For a natural number $n{},$ determine the number of ordered pairs $(S,T)$ of subsets of $\{1,2,\ldots,n\}$ for which $s>|T|$ for any element $s\in S$ and $t>|S|$ for any element $t\in T.$
Problem
Source: Russian TST 2014, Day 10 P4 (Groups A & B)

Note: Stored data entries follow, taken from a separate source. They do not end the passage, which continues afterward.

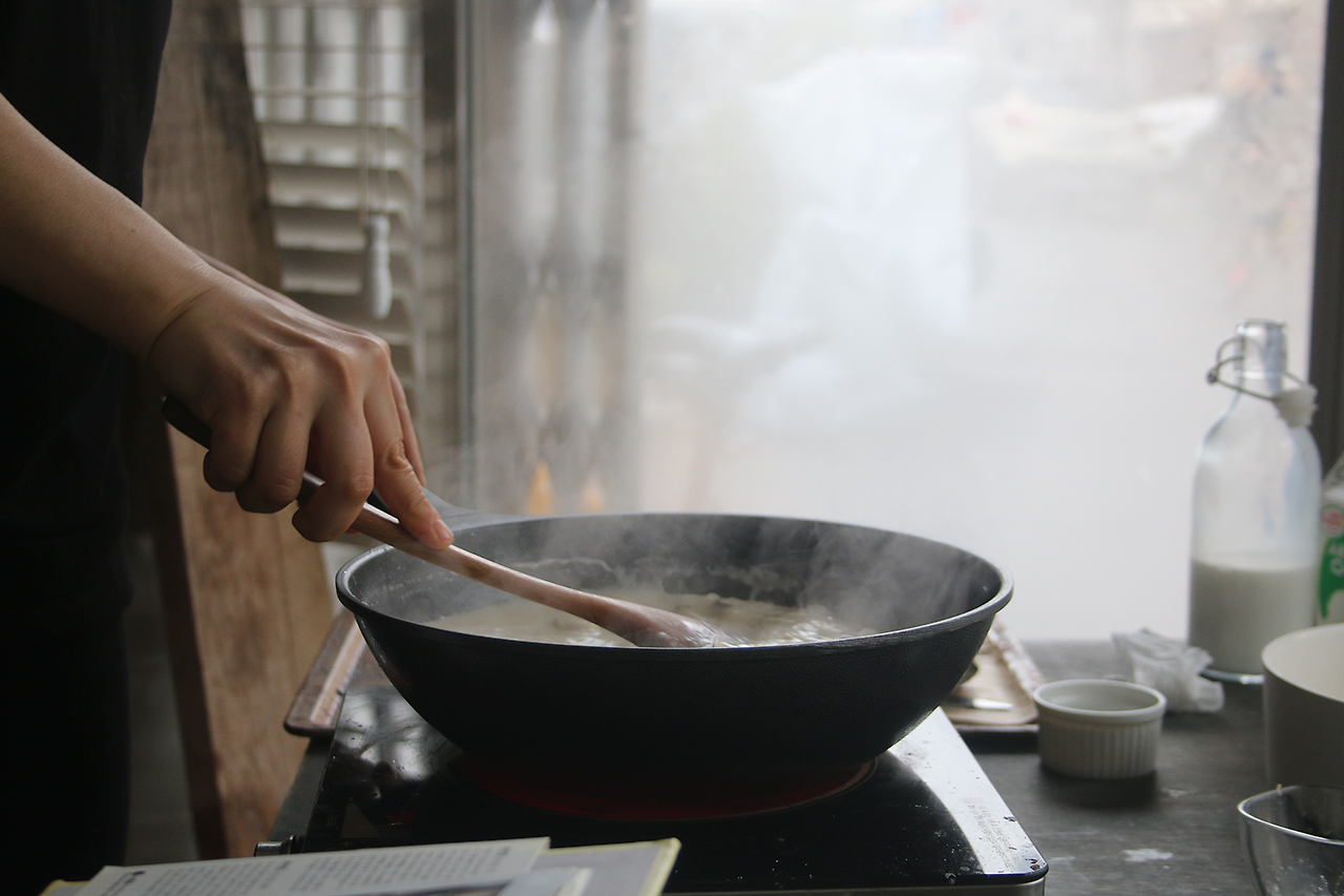 일단 오븐에 불을 올리고 통마늘부터 집어넣었다. 마늘 굽는 냄새가 온 부엌을 채울 때쯤, 후라이팬에는 넉넉한 버터 한 스푼에 잘게 다진 감자와 양파를 볶느라 정신이 없다. 수프에 일일이 루까지 만들기 힘들 땐, 잘 부스러지는 감자와 다진 양파를 좀 더 오래 볶아주면 되니까. 오븐에서 나온 구운 마늘을 까서 넣고 우유와 크림을 부어 끓이기 시작하면 일단 급한 불을 끈 셈. 한참을 푹푹 끓여낼수록 맛의 깊이가 더해지고, 부드러워지다 보니 수프는 생각보다 시간이 걸린다.
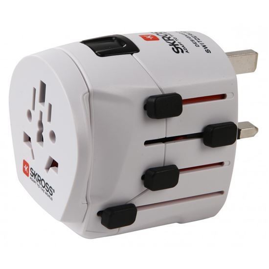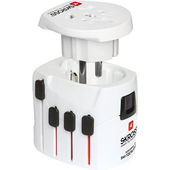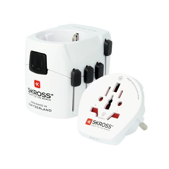 Najvýkonnejší uzemnený adaptér SKROSS PRO - World umožňuje bezpečné pripojenie európskych zariadení vo viac ako 120 krajinách sveta. Vďaka prídavnému nástavcu pre prívodné šnúry z rôznych krajín rozširuje svoju použiteľnosť až na 205 destinácií. Vie dvojpólové aj trojpólové zástrčky a vďaka maximálnej záťaži 7A zvládne aj náročnejšie spotrebiče, ako notebooky alebo cestovné fény.
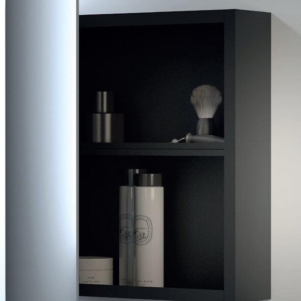L’apertura a 90° garantisce un accesso pratico e confortevole, rendendolo ideale anche per spazi compatti. Il design verticale valorizza la parete e dona profondità all’ambiente, mantenendo un equilibrio perfetto tra estetica minimal e funzionalità contenitiva.
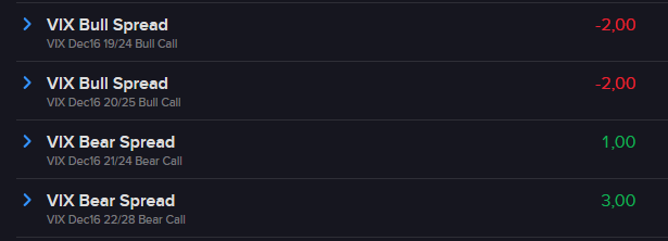 callspreads bajistas en VIX: Dados los picos de VIX que vimos hace unos días, he introducido estrategias orientandome a la estabilización de la volatilidad antes del 16 de diciembre. (No sé porqué algunos «volumenes» están en rojo y otras en verde)
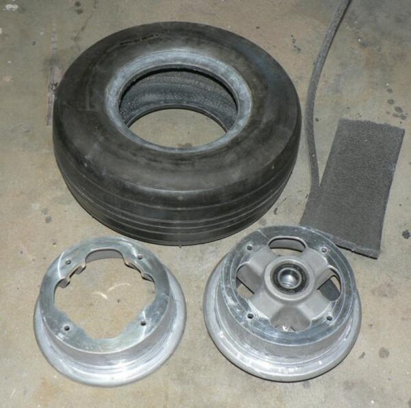 11-05-2008 This morning was different with the sun eventually burning off a fog. Discovered that my camera time was still on daylight saving time; duh it doesn't automatically change. [ATTACH]5690.vB[/ATTACH][ATTACH]5691.vB[/ATTACH][ATTACH]5692.vB[/ATTACH][ATTACH]5693.vB[/ATTACH] Removed a main UC wheel and inserted some sponge 100 mm wide in the tyre. Once I got the tyre off it was far easier than I envisaged. As the foam was readily compressible allowed an extra 20 or 30 mm length and pushed it in and seated well. No adhesive used. The 6 inch tyres have an outside circumference of about 44 inches or 1120 mm. [ATTACH]5694.vB[/ATTACH][ATTACH]5695.vB[/ATTACH][ATTACH]5696.vB[/ATTACH][ATTACH]5697.vB[/ATTACH][ATTACH]5698.vB[/ATTACH] Inserted the tube and partly inflated it to reduce the risk of pinching by the assembly process. Assembled the split rims to the tyre and remounted on the main UC. It is obviously out of balance once mounted on the axle and its own bearings. About sunset my wife said don't put tea leaves down the sink it blocks the grease trap and it overflows!!! Turns out the sump pump in the sump and 15 feet further down the line was not doing its job and the gauzed in area was now full of overflow from the sump as I had just back flushed the pool sand filter into the sump!
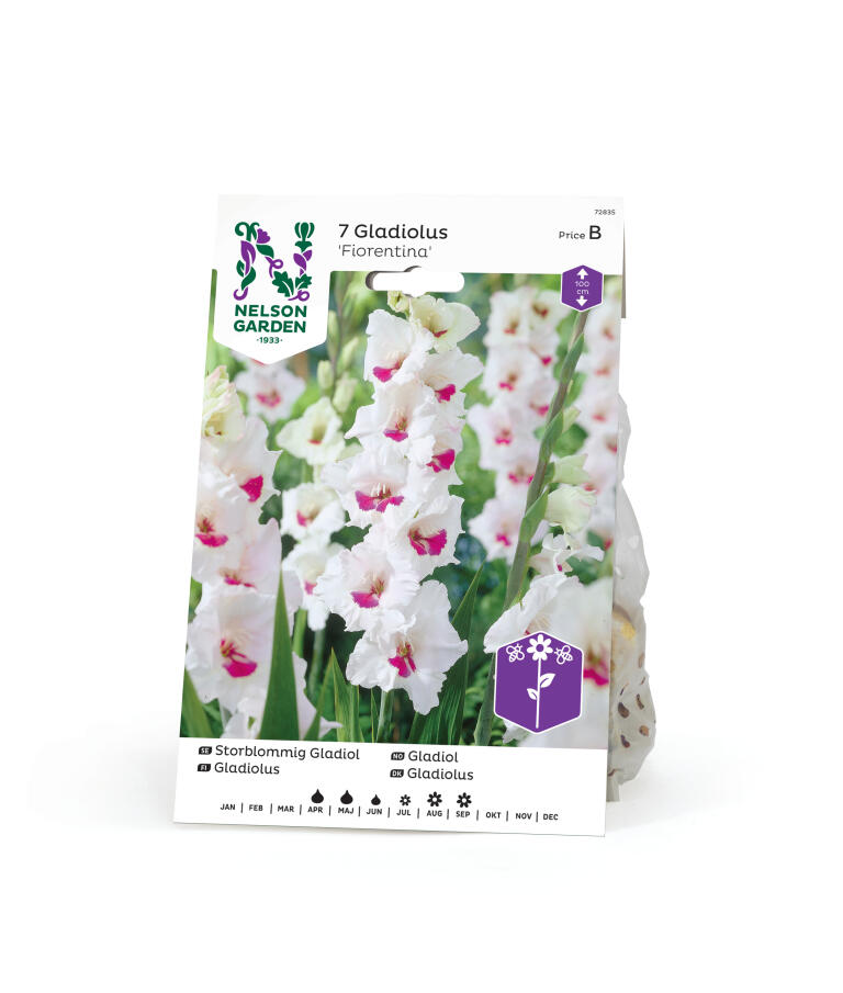 Storblommig gladiol med rent vita blommor med kontrasterande röd fläck i svalget. Lämplig i rabatter, gärna flera i grupp. Även i stora krukor och framförallt fantastisk i maffiga buketter.
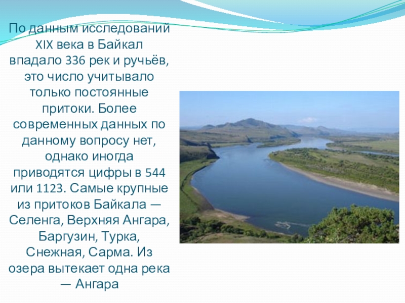 Слайд 9По данным исследований XIX века в Байкал впадало 336 рек и

Tags: combinatorics, counting
08.01.2024 21:53
Solved with Pranav1056 The idea is that if $S$ has size $a$ and $T$ has size $b$ there are ${{n-b}\choose a} \cdot {{n-a}\choose b}$ ways Let $a+ b = s$, so we can rewrite the sum as \[\sum_{s=0}^{n} \sum_{a=0}^{s} \binom{n-a}{s-a}\binom{n-s+a}{a} = \sum_{s=0}^{n} \sum_{a=0}^{s} \binom{n-a}{n-s}\binom{n-s+a}{n-s}\]Note that\[\sum_{a=0}^{s} \binom{n-a}{n-s}\binom{n-s+a}{n-s} = \sum_{a=s-n}^{n}\binom{n-a}{n-s}\binom{n-s+a}{n-s} \]Using the fact that $\binom{i}{j} = 0, \forall i < j$. Now, we can think of this summation combinatorially. It is of the form $$\sum_{k = -Y}^{X} \binom{X-k}{C} \binom{Y+k}{C}$$Think above as follows - suppose we have $X+Y+1$ objects labelled from $-Y$ onwards till $X$, and we have to select $2C+1$ objects from it. We select object $k$ from it, and then we select $C$ objects from left of it which are $Y+k$ objects, and remaining $C$ from right of it which are $X-a$ objects. Hence, we can write :- $$\sum_{k = -Y}^{X} \binom{X-k}{C} \binom{Y+k}{C} = \binom{X + Y + 1}{2C + 1}$$Now, comparing it with our original summation, we have $Y = n-s, x = n, C = n-s$ \[\implies \sum_{a = s-n}^{n} \binom{n-a}{n-s}\binom{n-s+a}{n-s} = \binom{2n-s + 1}{2n-2s + 1} = \binom{2n+1 -s}{s}\]Therefore, the answer is\[\sum_{s=0}^{n} \binom{2n+1-s}{s} = \boxed{F_{2n+2}}\]Where $F_n$ is the $n$th fibonacci number.
08.01.2024 22:13
hopefully no messup
08.01.2024 23:48
Putnam 1990/A6 It’s a shame that so many Russia TST problems seem to be straight out of old contests (not just this year - it’s a pattern I’ve noticed for a while), especially since (original) Russian problems are generally quite high-quality.